The Review is for our Australia-based colleagues and Australian colleagues working overseas and we are being advised by King & Wood Mallesons, supported by PwC.
Recent media reporting has mentioned the FSU instigating legal action against NAB claiming that all full time colleagues, current and former are eligible for a remediation payment due to 40 hour work schedule in SAP.
The issue raised by the FSU does not impact full time colleagues.
The issue of hours worked only impacts some current and former colleagues in group 3 and above that worked part time for all or part of the remediation period where their annualised salary was calculated using a part time rate based on either:
- their part time employment contract specifying the number of hours they are required to work each week; and
- their part time TEC was calculated by fractioning those specified hours over 40 hours per week instead of 38 hours.

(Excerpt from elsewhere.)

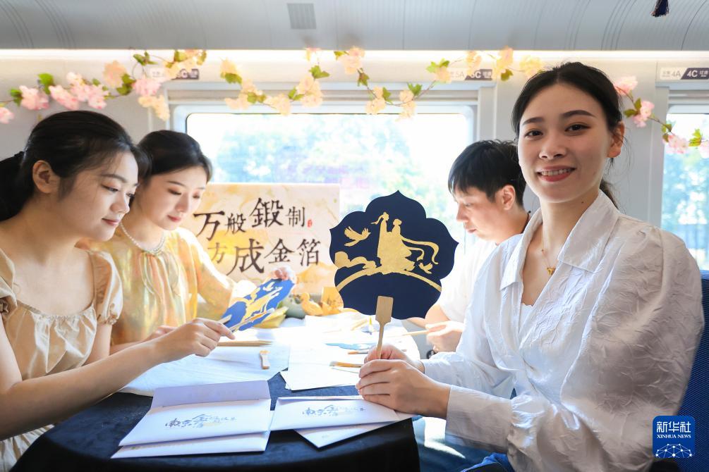當日,中國鐵路上海局集團有限公司南京客運段在G7393次和G132次高鐵列車上開展“七夕寧相匯 文博敘匠心”主題活動?;顒又校瑏碜阅暇┒嗉椅牟﹫鲳^的工作人員進行傳統(tǒng)手工藝展示,并邀請旅客互動體驗,讓旅客在旅途中感受傳統(tǒng)文化的魅力,迎接七夕節(jié)的到來。

NAB determines the salary of our full time colleagues based on modelling against the Banking, Finance and Insurance Award (where relevant) and market analysis for equivalent full time roles. Any periods during which a colleague has worked in a full time capacity are unaffected by this issue as hours of work are not used to formulate their salary.
NAB has identified 3,200 current and former colleagues impacted by the part time issue. We have paid all current colleagues and are now in the process of contacting former colleagues.
The issues identified in the Payroll Review are not acceptable and we apologise to all current and former colleagues impacted. We are moving as quickly as possible to fix these issues and we want to make sure we get this right.